Celery分布式队列学习

1. celery介绍和使用

Celery 是一个基于python开发的分布式异步消息任务队列(可以简单理解为python多进程或多线程中的queue)，通过它可以轻松的实现任务的异步处理。celery的架构由三部分组成：消息中间件（message broker），任务执行单元（worker）和任务执行结果储存（task result store）。各个职责如下：

消息中间件

Celery本身不提供消息服务，但是可以方便的和第三方提供的消息中间件集成，包括RabbitMQ,Redis,MongoDB等。

任务执行单元

Worker是Celery提供的任务执行的单元，worker并发的运行在分布式的系统节点中

任务结果存储

Task result store用来存储Worker执行的任务的结果，Celery支持以不同方式存储任务的结果，包括Redis，MongoDB，Django ORM，AMQP等

安装celery和redis组件（用redis做broker）

sudo pip install -U "celery[redis]"

sudo pip install celery

测试celery

　　新建一个python文件tasks.py

#/usr/bin/python

from celery import Celery

app = Celery('tasks',broker='redis://127.0.0.1:6379/0',backend='redis://127.0.0.1:6379/0')

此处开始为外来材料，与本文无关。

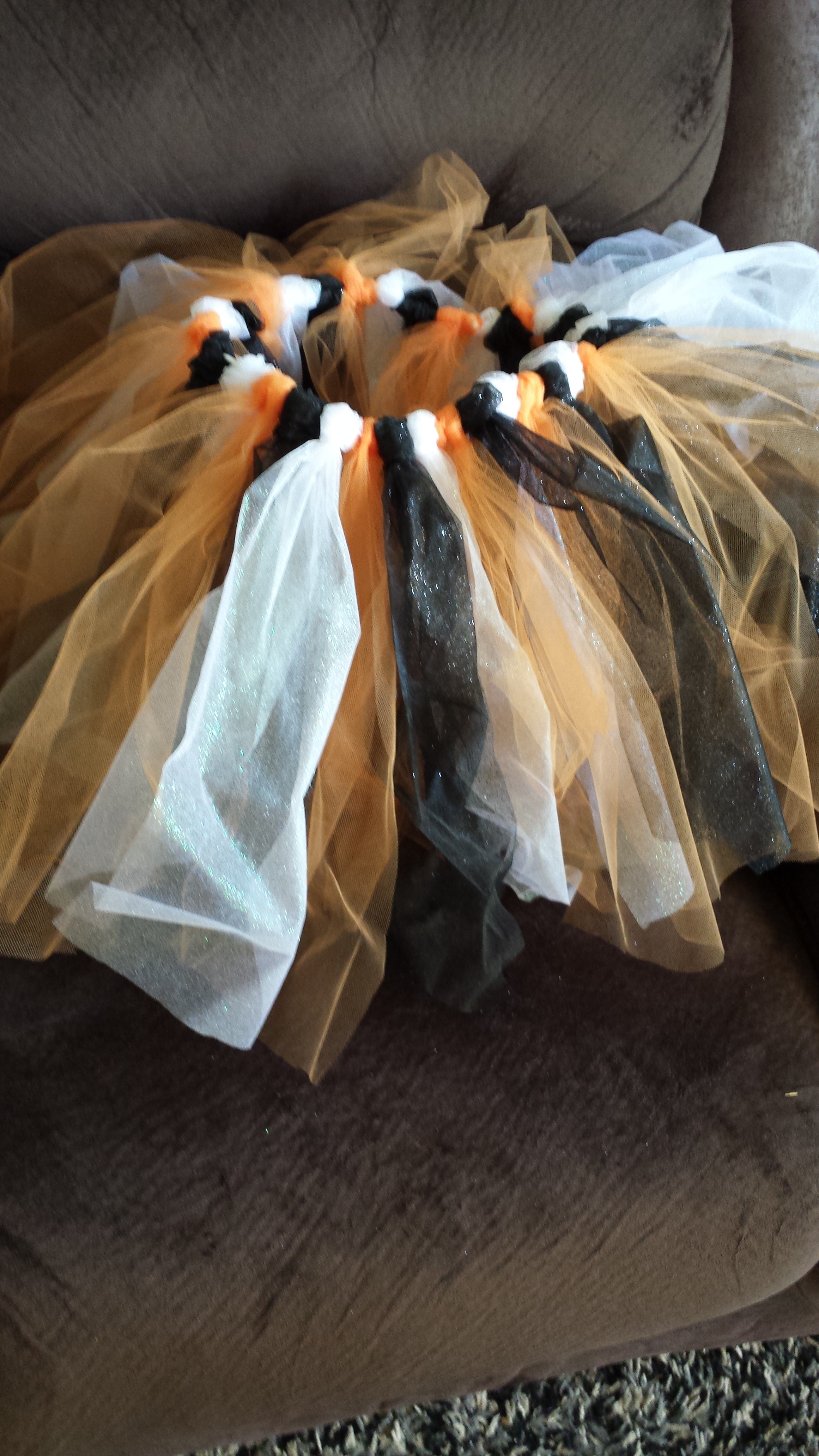 This is a super cute homemade Halloween tutu! It is sparkly and has orange, black and white in it. Would be great to add to a witch or other haloween costume. It will fit between 3 and 6 years, amybe a little younger or older, depending on size. This is newly made and is from a smoke free home. It is $15. I can make other colors too. Cash ONLY. Text preferred. Please also see my other ads.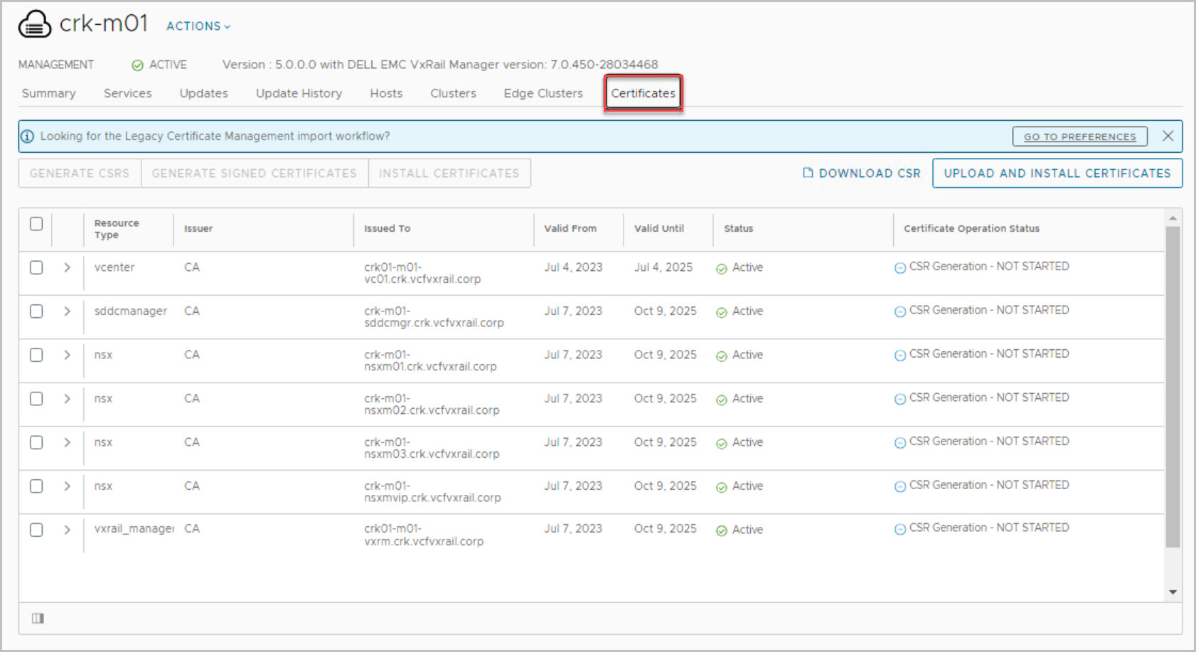 Versions used in this example are VCF 5.0 On VxRail 8.0.100. Release Information: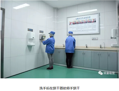 4、整理完衣物后,來到洗手消毒間,進(jìn)行洗手、烘干、消毒。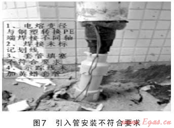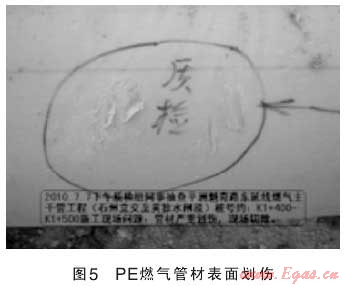 在燃氣管道施工過程中,因施工單位人員、現場監(jiān)理人員以及建設單位現場管理人員對燃氣管道安裝施工質量監(jiān)管不到位,施工經驗不足或者根本不懂燃氣管道施工的重要性,不按照燃氣行業(yè)國家規(guī)范和行業(yè)標準嚴格操作和監(jiān)管,產生一系列施工質量隱患。如鋼管防腐處理不到位、閥井內波紋補償器受外力安裝偏斜或不同軸,電熔管件焊接焊口冷卻采取沖水冷卻方式,PE管道運輸、搬運造成管壁劃傷嚴重超標等人為因素,給城市燃氣管道安全運行種下了一顆顆定時炸彈(如圖3、4、5)。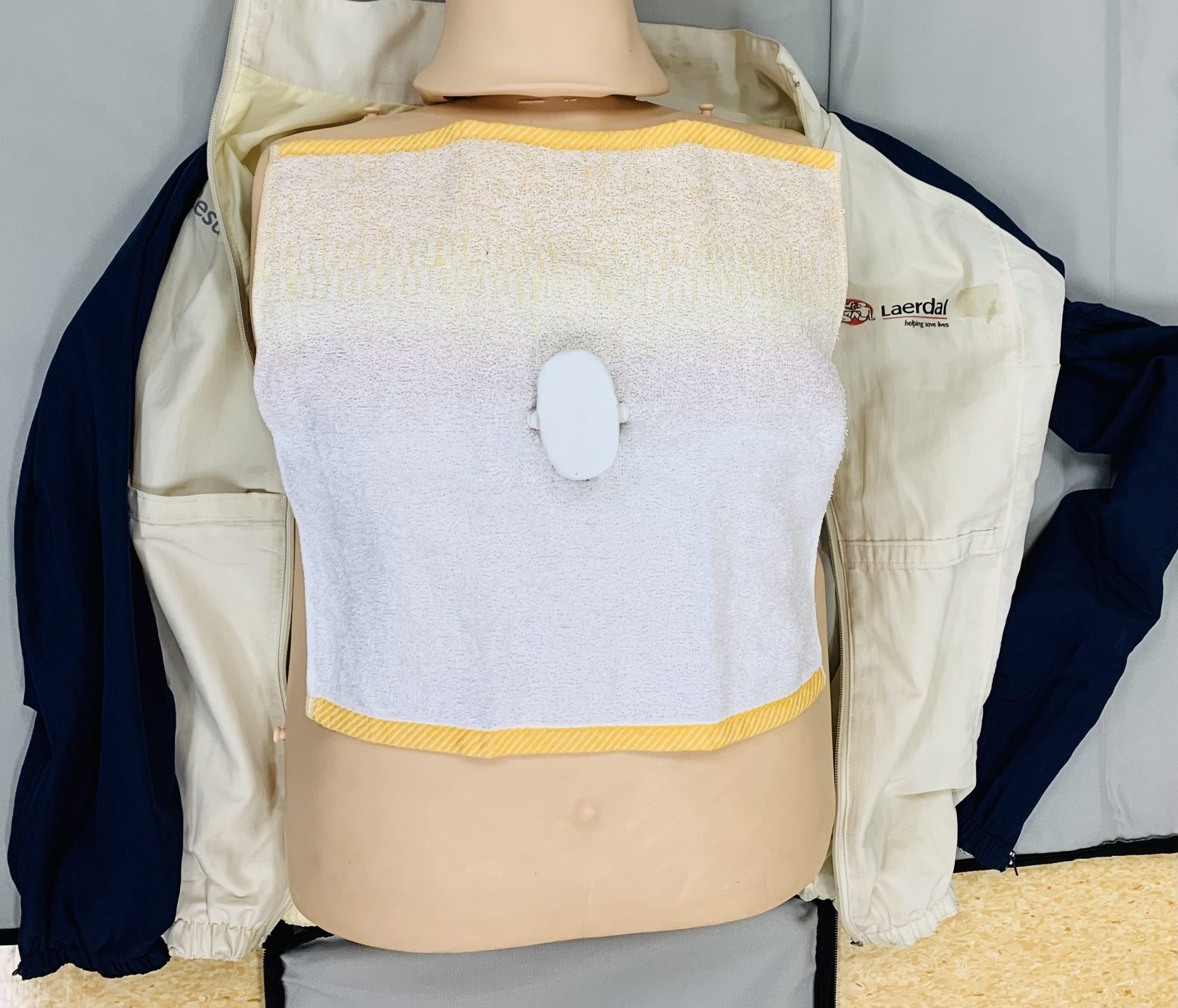 冨岡さんが応募したテーマは「命を救うハンカチ」で、誰でも正しい姿勢で胸骨圧迫することができ、心肺蘇生法による救命率を上げることを目的として、試行錯誤を繰り返しながら独自に開発した補助具です。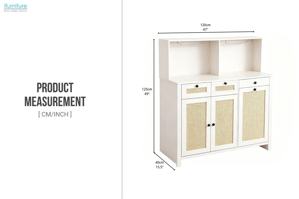 This versatile storage piece features ample space with two cabinets, open shelves for display, a built-in wine rack for up to 9 bottles, and a stemware rack for secure glassware storage. Perfect as a buffet, wine bar, or display cabinet, it fits seamlessly into your dining room, kitchen, or living area, helping you stay organized and stylish.

# 'tasks'为module名称，broker为消息中间件，backend为任务结果存储地方（backend可以不设置，默认为disabledbackend）

#127.0.0.1:6379/0 为redis server安装的ip地址和端口，0为数据库编号（redis有0-16个数据库）

@app.task

def add(x, y):

    return x+y

　　启动celery worker来监听任务队列：

　　　　celery -A tasks worker --loglevel=info #tasks为上面module文件的名称

　　调用任务

　　　　再开一个终端，进入python环境

　　　　from tasks import add

　　　　add.delay(4,4)

　　celery worker端执行结果如下，说明celery可以正常运行了

　　若设置了backend，可以查看任务执行结果

　　　　from tasks import add

　　　　result = add.delay(4,4)

　　　　#result.ready() 　　　　 #查看worker是否执行完任务

　　　　result.get(timeout=10)　　# 返回执行结果，若任务还未执行完成，等待10s，否则抛出异常

　　　　#result.get(propagate=False)

运行过程中出现的几个错误及解决方式：

　　bash：celery command not found：查看/usr/bin的确没有celery，最后发现celery安装在/usr/local/python-3.5.2/bin/目录下，而$PATH中不包括该目录，所以shell找不到celery命令，建立一个软连接就好了：sudo ln -s /usr/local/python-3.5.2/bin/celery /usr/bin/celery

　　AttributeError "'float' object has no attribute 'items'" ：参考https://github.com/celery/celery/issues/5175发现原因，由于celery和redis 3.0版本兼容问题，需要回滚redis版本：pip install redis==2.10.6 （查看redis版本：pip show redis;）

2. celery在项目中的使用

建立一个python project，如下图所示

celery.py

#/usr/bin/python

#coding:utf-8

from __future__ import absolute_import

from celery import Celery

# absolute_import 保证从绝对路径引入celery，防止倒入时目录下celery.py文件覆盖celery库文件

app = Celery('proj', broker='redis://localhost',

        backend='redis://localhost', include=['proj.tasks'])

#将proj目录下tasks加进来

 app.config_from_object('proj.config')

#使用config.py作为配置文件，也可以直接在这里写相关配置信息

if __name__=='__main__':

    app.start()

tasks.py

#/usr/bin/python

#coding:utf-8

from __future__ import absolute_import

from proj.celery import app

@app.task

def add(x,y):

    print('running add..')

    return x+y

@app.task

def mul(x,y):

    print('running mul..')

    return x*y

@app.task

def sub(x,y):

    print('running sub..')

    return x-y

config.py

#/usr/bin/python

#coding:utf-8

from __future__ import absolute_import

#BROKER_URL='redis://localhost:6379/0'

#CELERY_RESULT_BACKEND='redis://localhost:6379/0'

在proj 所在路径下： celery -A proj worker -l info

另外打开终端：　　　 from proj.tasks import add, mul, sub

　　　　　　　　　　　add.delay(6,3)

后台启动多个worker ：http://docs.celeryproject.org/en/latest/userguide/daemonizing.html#daemonizing

3，celery定时任务

　　http://docs.celeryproject.org/en/latest/userguide/periodic-tasks.html

　　利用celery beat任务模块可以完成定时任务，设定好任务的执行时间，celery就会定时自动帮你执行，还可以结合celery.schedules中的crontab模块来设置时间（类似于linux的crontab）.新建periodic_task.py文件，代码如下：

#/usr/bin/python

#coding:utf-8

from celery import Celery

from celery.schedules import crontab

app = Celery(broker='redis://localhost')  #默认会采用broker_url = 'amqp://guest:guest@localhost:5672//'，若未安装rabbitmq会报错

@app.on_after_configure.connect

def setup_periodic_tasks(sender, **kwargs):

    # Calls test('hello') every 10 seconds.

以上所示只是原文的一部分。